Reaktion der Partei und Ausschlussverfahren
Die Reaktion von CDU-Funktionären auf Landes- und Bundesebene ließ nicht lange auf sich warten; Parteivertreter leiteten formelle Disziplinarschritte ein. Der CDU-Generalsekretär von Sachsen-Anhalt, Mario Karschunke, erklärte, dass die öffentliche Spende und die Unterstützungserklärung einen schwerwiegenden Verstoß gegen die Parteisatzung darstellen. Karschunke kündigte an, dass der Fall dem Kreisvorstand Stendal vorgelegt werde, der vom Landtagsabgeordneten Chris Schulenburg geleitet wird und als zuständiges Gremium für die Einleitung eines Ausschlussverfahrens fungiert.
Niemand ist gezwungen, Mitglied unserer Partei zu bleiben, wenn er ihre grundlegenden politischen Überzeugungen nicht mehr teilt.

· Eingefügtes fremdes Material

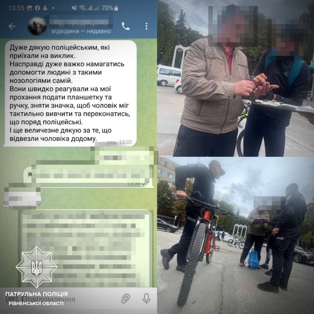 У суботу, 10 вересня, до поліції Рівного зателефонувала стурбована жінка.За її словами, на центральному ринку вона виявила безпорадного чоловіка з вадами слуху та зору. Він був повністю дезорієнтований і потребував допомоги, але йому було важко встановити контакт. Він не зміг пояснити, як чоловік опинився далеко від дому та як заблукав. Рівнянка здогадалася, що людина розуміє запитання, якщо вони написані на руці. Так вона дізналася, що він із Квасиліва, але точної адреси не назвав.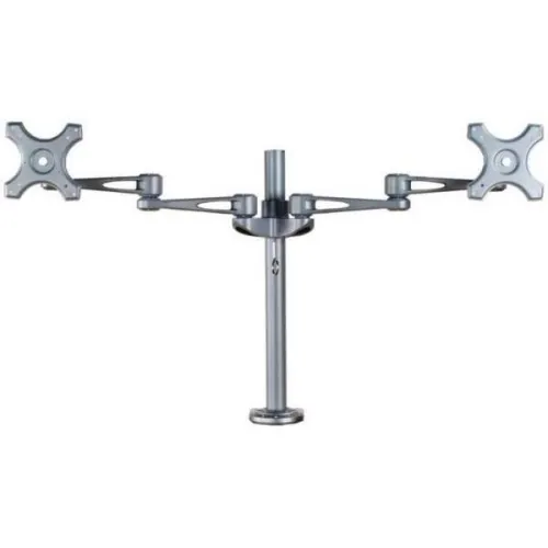 NewStar skrivebordsbeslag, model FPMA D935D er et vippeligt, drejeligt og drejeligt bordbeslag til 2 fladskærme op til 27 ”. Denne holder er et godt valg til pladsbesparende placering på skriveborde ved hjælp af en bordklemme.

Dennis Radtke, der Vorsitzende der CDU-Sozialausschüsse und des Arbeitnehmerflügels, schloss sich der Forderung nach sofortiger Rechenschaft an. Radtke bestand darauf, dass aktive Parteimitglieder, die für die AfD werben, der Union maximalen Schaden zufügen und ausgeschlossen werden müssen, wenn sie nicht freiwillig zurücktreten.
Wer als CDU-Mitglied zur Wahl der AfD aufruft, sollte konsequenterweise die CDU verlassen.
Hintergrund der Landtagswahl
Die Auseinandersetzung ereignet sich etwa zwei Wochen vor der Landtagswahl in Sachsen-Anhalt am 6. September 2026, bei der die CDU in regionalen Umfragen hinter der AfD zurückliegt. Der amtierende Ministerpräsident von Sachsen-Anhalt, Sven Schulze, der den CDU-Landtagswahlkampf anführt, hatte zuvor Andeutungen zurückgewiesen, dass Parteimitglieder zur AfD überlaufen oder ihr zur Machtübernahme verhelfen würden. Schulze lehnte jede politische Zusammenarbeit mit der AfD wiederholt ab und schloss aus, deren Stimmen zur Sicherung des Ministerpräsidentenamtes anzunehmen. Der Streit hat zusätzliche lokale Bedeutung, da der Landkreis Stendal auch der Heimatwahlkreis des AfD-Spitzenkandidaten Ulrich Siegmund ist. Nach der Veröffentlichung des Briefes bedankte sich die Bundes-AfD öffentlich bei Prange auf der Social-Media-Plattform X und bemerkte, dass die Spende und die Unterstützung interne Spaltungen innerhalb der Christlich Demokratischen Union offengelegt hätten.